BUCKFIELD – Back in grade school when Alyssa Henderson and Kasey Farrington established a bond as friends, little did they know it would be a lasting one on the softball field.

“We’ve been best friends since like second grade,” said Henderson. “I’ve always caught for Kasey, even in middle school, or if I was pitching, she was catching.”

When the Buckfield softball team needed to replace its battery after graduating hurler Desiree Brackett and backstop Tiffany Dunn, Farrington and Henderson were a logical tandem. Farrington pitched sparingly during her first two seasons for the Bucks, and Henderson had always been her catcher.

“She’s always warmed her up and caught her when she pitched,” said Buckfield coach Ken Farrington, Kasey’s father.

The Bucks play in Saturday’s 4 p.m. Class D state championship game at Ward Field at St. Joseph’s College. Buckfield meets Lee Academy, the same team that edged the Bucks 1-0 last year.

The Bucks only graduated three starters from that team, but two of them were the battery.

“It was a big role,” said Kasey Farrington. “Our pitcher last year was a great pitcher. I knew my team needed me. They rely on me, and I rely right back on them. Being a junior and my dad being the coach, I knew a lot was expected. So I just tried to do the best I can.”

The change in battery has been the epitome of the Buck’s season. Farrington and Henderson weren’t the only ones in new positions. It was a year of adjustment.

“It effected everyone, but at the beginning of the year we said, ‘We’ve got a chance at this,'” said Ken Farrington, who graduates three starters this year, too. “So I moved a lot of people around. The team all said, ‘We can do this,’ and they’ve supported one another and done very well.”

Shayna Shackford was the third senior, leaving a hole to fill at first. Farrington vacated third base while Henderson played centerfield last year. Freshman Ashlee Hamann took over at first.
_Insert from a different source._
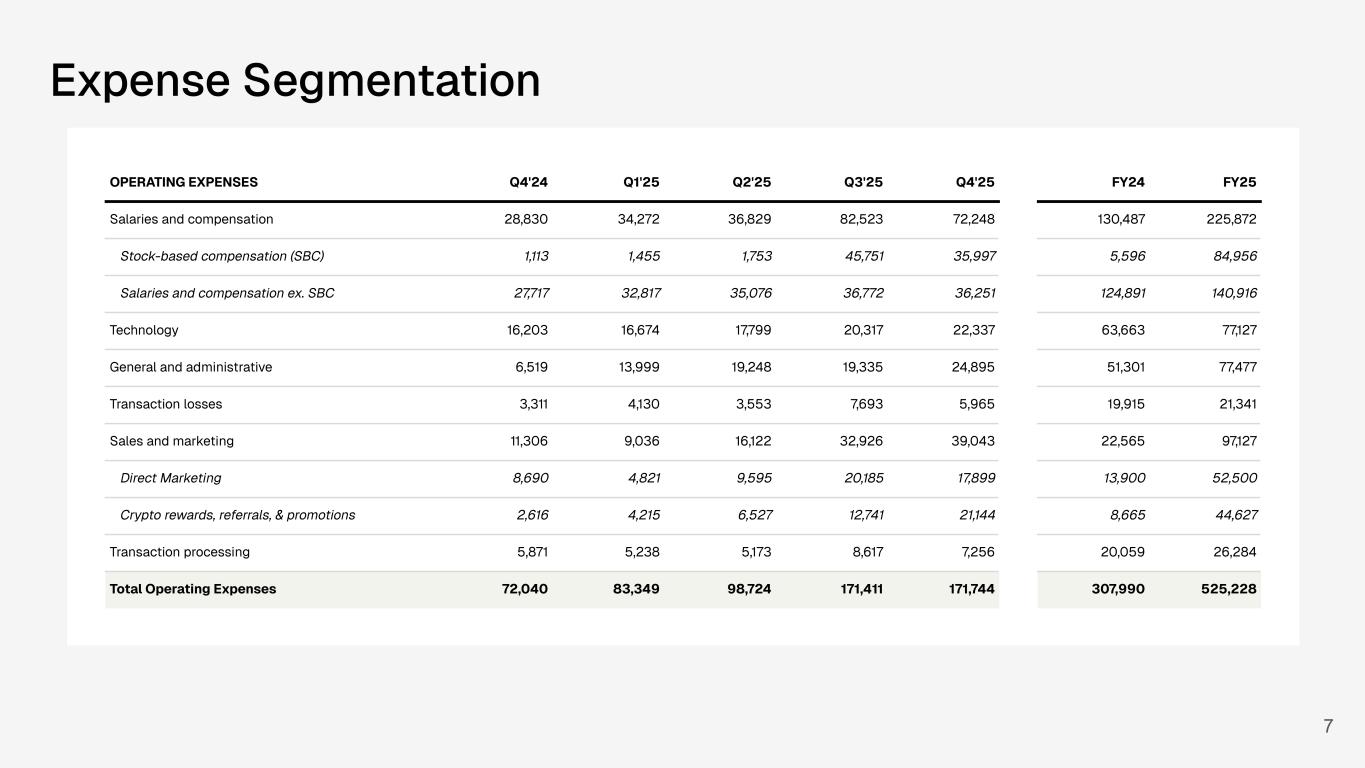 OPERATING EXPENSES 4Q'24 1Q'25 2Q'25 3Q'25 4Q'25 Salaries and compensation 28,830 34,272 36,829 82,523 72,752 Technology 16,203 16,674 17,799 20,317 22,336 General and administrative 6,519 13,999 19,248 19,335 22,050 Transaction losses 3,311 4,130 3,553 7,693 6,551 Sales and marketing 11,306 9,036 16,122 32,926 37,361 Transaction processing 5,871 5,238 5,173 8,617 7,102 Total Operating Expenses 72,040 83,349 98,724 171,411 168,1527 Expense Segmentation Break out SBC from Comp Break out crypto rewards, promos, referrals, etc from marketing OPERATING EXPENSES Q4'24 Q1'25 Q2'25 Q3'25 Q4'25 FY24 FY25 Salaries and compensation 28,830 34,272 36,829 82,523 72,248 130,487 225,872 Stock-based compensation (SBC) 1,113 1,455 1,753 45,751 35,997 5,596 84,956 Salaries and compensation ex. SBC 27,717 32,817 35,076 36,772 36,251 124,891 140,916 Technology 16,203 16,674 17,799 20,317 22,337 63,663 77,127 General and administrative 6,519 13,999 19,248 19,335 24,895 51,301 77,477 Transaction losses 3,311 4,130 3,553 7,693 5,965 19,915 21,341 Sales and marketing 11,306 9,036 16,122 32,926 39,043 22,565 97,127 Direct Marketing 8,690 4,821 9,595 20,185 17,899 13,900 52,500 Crypto rewards, referrals, & promotions 2,616 4,215 6,527 12,741 21,144 8,665 44,627 Transaction processing 5,871 5,238 5,173 8,617 7,256 20,059 26,284 Total Operating Expenses 72,040 83,349 98,724 171,411 171,744 307,990 525,228

Danielle Labbe moved to third from the outfield and Leann Abbott became the centerfielder. Freshman Brittany Wiley joined the infield at second while Amy Reuter filled the spot in the outfield.

The only players in the same position in the last two regional championship wins over Richmond are shortstop Lindsey Neal and left fielder Kayla Jordan.

“We’re all in new positions,” said Henderson. “So if one of us is not doing so good, it’s not a big deal.”

The fact that Farrington and Henderson, both juniors, have been paired together for years has helped their transition. They work well together and trust one another.

“I’ve always wanted her to be my catcher, no matter what,” said Kasey Farrington. “I know I can always count on her. I feel comfortable with her behind the plate because I know she can stop anything.”

Both knew they’d be stepping into larger roles and shouldering a great deal more responsibility. It was a pretty daunting task at first.

“We just didn’t know what to expect,” said Henderson. “We didn’t know how we were going to do, and everybody was going to be watching us.”

Becoming the full-time pitcher or the full-time catcher took adjustments for both. It has been more demanding physically but as the season progresses, both found a comfort level.

“I have tendentious in my shoulder,” said Farrington. “At the beginning of the season, my shoulder would kill so bad, but thank God it got used to my pitching. I hadn’t pitched a lot of games before this year. It has gotten good, and I think its used to the motion of it.”

Handling the emotions of such crucial jobs has also been a challenge. That’s where being able to work together and lean on each other has benefited both.

“It’s totally a mental game,” said Kasey Farrington. “If you get down on yourself, the whole game can be gone. I just try to take deep breaths and say, ‘Kasey, you can do this. You’ve done it before.’ I know she can always come out when I’m having a rough time and make me smile and say, ‘Kasey, you can push through this.'”

That is just what Farrington and the Bucks did against Richmond. After falling behind 5-3 after a disastrous third inning, the Bucks regrouped and battled back, tying the game in the seventh and winning it in the eighth. Farrington allowed just three hits and struck out 12. After allowing three hits in the five-run third, she didn’t allow another hit through the final five innings.

“They’ve stepped up and done well,” said Ken Farrington. “I can’t say they haven’t struggled, but the team has supported them.”